## Exercise directions
Repeat verbatim, and only, the lines of the data below, beginning at the line that contains "また、nanoPDS化された" and stopping after the line that contains "Главный вывод, который".

## Data shown
====================
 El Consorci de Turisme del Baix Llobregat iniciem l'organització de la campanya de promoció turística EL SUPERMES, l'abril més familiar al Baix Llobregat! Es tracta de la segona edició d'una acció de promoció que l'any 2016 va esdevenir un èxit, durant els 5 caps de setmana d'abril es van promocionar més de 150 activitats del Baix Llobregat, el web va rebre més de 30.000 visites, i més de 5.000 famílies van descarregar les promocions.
====================
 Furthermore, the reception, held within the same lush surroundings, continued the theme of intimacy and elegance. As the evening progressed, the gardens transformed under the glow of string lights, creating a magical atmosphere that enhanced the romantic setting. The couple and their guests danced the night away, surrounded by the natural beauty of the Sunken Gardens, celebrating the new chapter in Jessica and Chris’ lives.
====================
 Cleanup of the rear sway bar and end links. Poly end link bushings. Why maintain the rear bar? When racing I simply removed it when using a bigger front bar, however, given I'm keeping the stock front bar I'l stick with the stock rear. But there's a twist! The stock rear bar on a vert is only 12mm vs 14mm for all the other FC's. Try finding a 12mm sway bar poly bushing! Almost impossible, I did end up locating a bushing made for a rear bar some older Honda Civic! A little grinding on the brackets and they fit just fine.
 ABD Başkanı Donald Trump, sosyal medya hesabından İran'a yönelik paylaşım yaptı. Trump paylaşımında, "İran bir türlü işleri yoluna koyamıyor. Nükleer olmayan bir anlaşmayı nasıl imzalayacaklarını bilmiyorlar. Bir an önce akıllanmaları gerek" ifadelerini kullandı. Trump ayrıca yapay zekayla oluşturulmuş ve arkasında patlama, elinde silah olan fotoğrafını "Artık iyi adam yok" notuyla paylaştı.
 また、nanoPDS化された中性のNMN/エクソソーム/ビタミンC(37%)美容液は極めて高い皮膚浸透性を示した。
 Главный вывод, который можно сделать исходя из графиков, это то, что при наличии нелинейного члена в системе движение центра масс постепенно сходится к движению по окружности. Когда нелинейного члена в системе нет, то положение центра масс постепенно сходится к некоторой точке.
====================
## Answer to the problem
 また、nanoPDS化された中性のNMN/エクソソーム/ビタミンC(37%)美容液は極めて高い皮膚浸透性を示した。
 Главный вывод, который можно сделать исходя из графиков, это то, что при наличии нелинейного члена в системе движение центра масс постепенно сходится к движению по окружности. Когда нелинейного члена в системе нет, то положение центра масс постепенно сходится к некоторой точке.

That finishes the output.